The world with God is absurd. And so is the world without God.

Both buffets are absurd here in the Universe Café. Are you ready to be seated?

 

Thanks,

Jon Loux

[email protected]

Blog: http://philosopherspeashooter.blogspot.com/

Bio:

I work in a State diploma mill in Connecticut, though not as an educational factory worker. I work in the computer center and used to be one of those mainframe guys. These computer-ettes still seem like toys to me (queue Grampa Simpson reference.) My bachelor’s degree is in Biblical studies, which means I worked as a cook after college while going to night school in a community college studying COBOL, Fortran and other variations of the Harappan dialect.

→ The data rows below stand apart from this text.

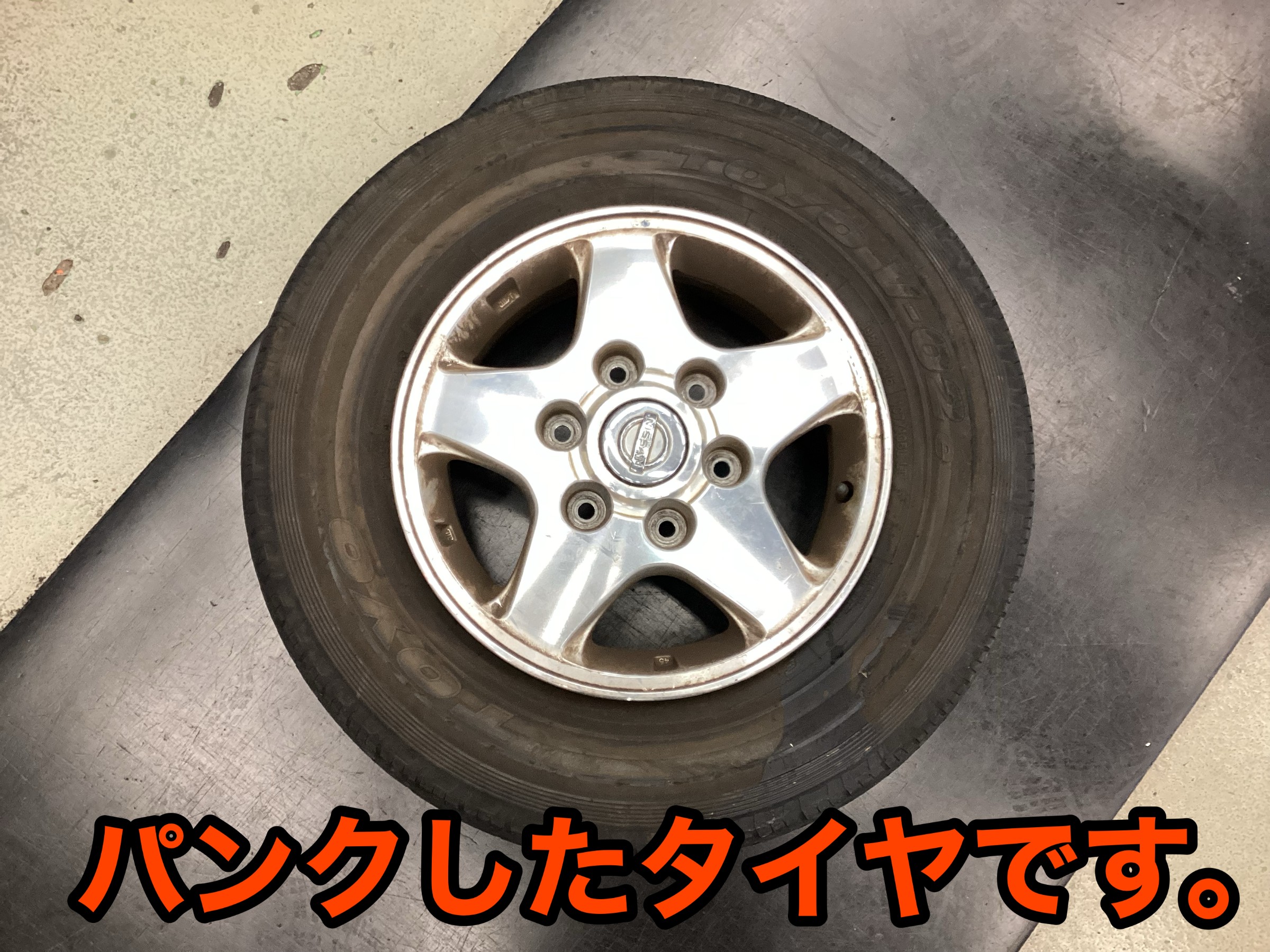 事前にスペアタイヤに履き替えられたとの事、外されたタイヤを確認します。
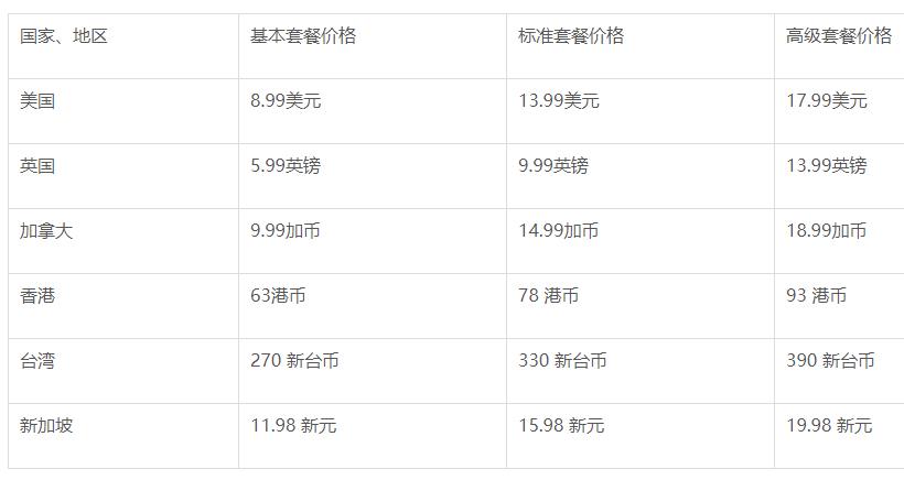 Netflix对于新用户绑定信用卡或是移动支付方式即可免费体验一个月,购买会员后每月自动扣费,套餐登录分为:一台设备、两台设备、四台设备同时在线,各国套餐分区都是这三种,但价格却有所不同。以下就是Netflix注册账号购买会员费:
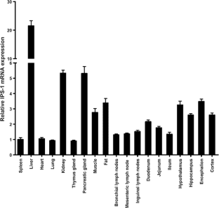 IFN-β promoter stimulator 1 (IPS-1) is an important adaptor protein linking RIG-I/MDA5 to the downstream signaling molecules and plays the pivotal role in type I interferons induction. In this study, we cloned and characterized Tibetan porcine IPS-1, investigated the tissue distribution, compared different messenger RNA expression for IPS-1 between Tibetan and Crossbred (Duroc × Yorkshire × Landrace) pigs (DLY). The Tibetan porcine IPS-1 gene was first cloned from spleen. The entire open reading frame (ORF) of the IPS-1 is 1,575 bp and encodes for 524 amino acid residues, has 1 putative transmembrane domains, with a higher degree of sequence similarity with common pig (99.37%) and cattle (81.23%) than with human (70.20%) or mouse (63.44%). Real-time quantitative PCR analysis indicated that Tibetan porcine IPS-1 mRNA was most abundant in the liver and kidney. The expression of IPS-1 of Tibetan pigs in most tissues was higher than DLY pigs.
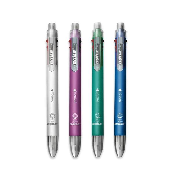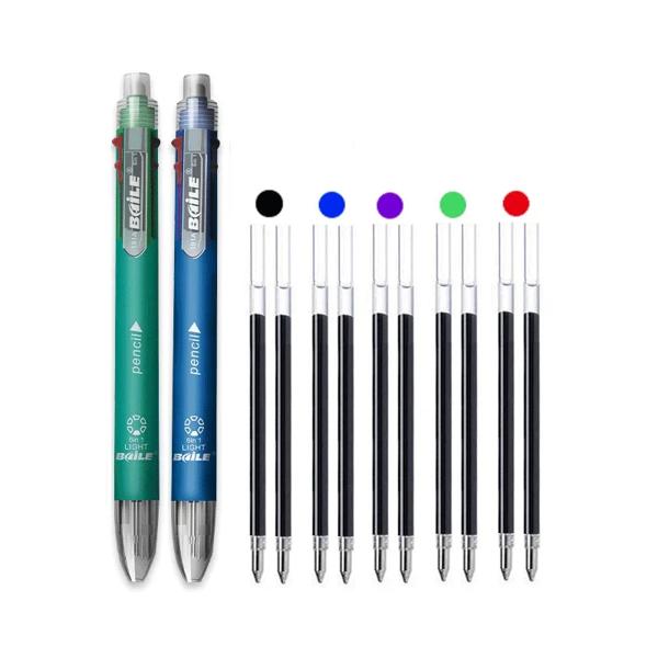 マルチカラー格納式ボールペンセット、シャープペンシル1、文房具、5色、6 in 1

After getting a real job I was able to continue my pursuit of worthless yet interesting information by getting a master’s degree in Anthropology. My thesis was a computer simulation of The Prisoners’ Dilemma and, yes, I wrote it on the mainframe. I’m a single parent who raised a daughter (said daughter now lives in Oregon-the other side of the country. Hmmmm.) Hobbies include woodworking (full shop in the basement, also inhabited by saw dust angels), community theatre (acting, stage managing, directing, cleaning the toilets, etc.), the Learning/History channels, some gardening, reading and asking ‘What if’ questions like, ‘What if the moon is NOT made out of green cheese?’